Oleh: Methia Farina
Memandang pohon di sudut rumahku. Pagi ini masih diselimuti
kabut. Langit biru di tutupi awan,
seolah-olah matahari malu menampakkan dirinya. Pagi ini entah mengapa aku
begitu enggan menikmati makanan di hadapanku. Ada sosok wajah yang mengganggu
pikiranku. Tahukah kawan. Wajah yang amat mengganggu pikiranku. Karena aku
sering terganggu dengan wajah itu. Aku amat merindukannya.
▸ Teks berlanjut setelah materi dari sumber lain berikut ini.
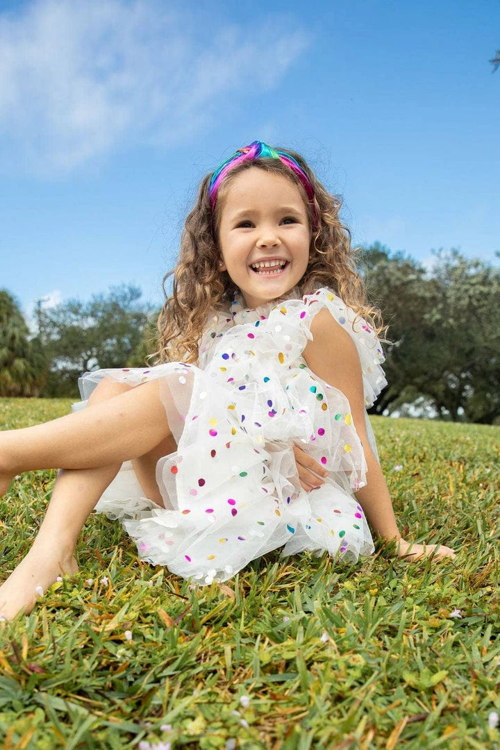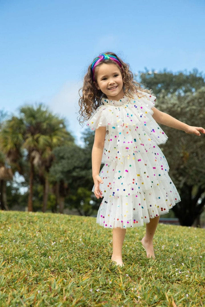 Feel a classy look with this beautiful tulle dress with colorful dots designed around it, making it even more dazzling.

Wajah yang telah
menjadikan aku seperti aku yang aku inginkan.
Ibu, itulah yang mengangkat jiwaku ke pelabuhan
cita-citaku. Masih belum genap dua tahun pusara itu kelihatan awal aku melihat
wajahnya. Masih meraba tanganku di pusara itu. Ingatanku masih seperti awal aku
dilahirkan. Senyum yang anggun, wajah yang selalu memancarkan cahaya. Membidik
jiwaku menjadi pemberani dan santun.
Satu kalimat saja sudah berarti bagiku. Mengapa aku
begitu kehilangan kalimat itu. Menyadari kalimat itu yang aku butuhkan. Namun
terhempas dan terputuskan oleh masa yang sudah mulai menua.
Ifham, adalah sebuah nama yang diberikan oleh orang
terkasih padaku. Masih melekat diingatanku masa-masa aku mencari cinta. Bagiku
itulah masa di mana aku menemukan cinta dan kasih sayang.
***
“If, maafkan kakek, seharusnya kakek mengatakan ini
dari awal engkau di titipkan di sini.”
“Memangnya ada apa, Kek!”
“Sekarang umurmu hampir 22 tahun. Sudah seharusnya
kakek angkat bicara.”
Ifham, semakin heran akan perkataan kakeknya. Berbagai
pertanyaan timbul dalam pikirannya. Dengan seksama dan teliti, ia dengarkan
kakeknya bercerita.
“Kamu kenal dengan
Munah?”
“Ooo, Bibi Munah. Aku kenal sekali, Kek! Beliaulah yang
membesarkan dan merawat aku dari kecil, Kek!”
Tanpa curiga, Ifham dengan bangga menceritakan kepada
kakeknya. Walaupun baru beberapa bulan ia tinggal bersama kakeknya. Dia sangat
akrab sekali, seperti seorang ayah dan anak.
“Apa saja yang kamu ketahui tentang Munah?”
“Bibi Munah amat penyayang kepadaku, Kek! Aku merasakan ada
jiwa keibuan dalam diri Bibi Munah.”
Ifham berhenti bicara, ia merasakan kehilangan sosok
yang selama ini dicari-carinya. Ibu, adalah pujangga hatinya. Namun ia tidak
mengetahui ibunya sejak kecil. Awal dari kelahirannya ia tinggal dengan
ayahnya.
“If, sebenarnya Munah itu adalah ibumu. Ayahmu sengaja
tidak memberitahumu. Karena itu adalah permintaan ibumu.”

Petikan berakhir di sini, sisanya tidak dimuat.